# Some toys I made recently



## bunnybuster (Dec 26, 2009)

Hi folks
I spent some time on creating, and redesigning some nitro, and electric R/C stuff.
I built the blue plane from a kit, the yellow plane was electric...but I converted it to nitro.
The boat is totally designed and built by myself and I have installed r/c reciever and servos, and using the electric motor from the yellow airplane.
My next project will be to turn the electric boat into a nitro powered boat, and build another , lighter boat to incorporate the electric setup onto.
Also I have included another picture of my .38 cal.
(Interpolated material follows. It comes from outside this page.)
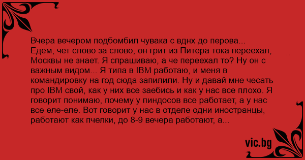 Едем, чет слово за слово, он грит из Питера тока переехал, Москвы не знает. Я спрашиваю, а че переехал то? Ну он с важным видом... Я типа в IBM работаю, и меня в командировку на год сюда запилили. Ну и давай мне чесать про IBM свой, как у них все заебись и как у нас все плохо. Я говорит понимаю, почему у пиндосов все работает, а у нас все еле-еле. Вот говорит у нас в отделе одни иностранцы, работают как пчелки, до 8-9 вечера работают, а потом начальник встает и говорит - А айда ребята в ресторан все! Я плачу! И вот тут понимаешь, зачем нужны корпоративы, тим билдинг вся хуйня! Вот это круто говорит! У нас можно пиццу в офис на обед заказать и фирма все оплачивает, понимаешь, что фирме ты небезразличен. И сидит с довольным видом)

Howitzer mini cannon. 
And...I also make slingshots


----------



## e~shot (Jun 3, 2010)




----------



## Papa G (Aug 19, 2011)

I what one


----------



## spanky (May 29, 2011)

VERY NICE


----------



## BIG-B (Sep 16, 2011)

They look great Bunny!


----------



## tubeman (Mar 7, 2011)

The passenger in the blue plane looks a bit air sick


----------



## bj000 (Jul 21, 2011)

how do you attach the slingshots to the plane? oh you dont? well , i guess they are cool . lol.. jk awesome work!


----------



## bunnybuster (Dec 26, 2009)

well
r/ d hasn`t gotten that far yet..but it could happen...


----------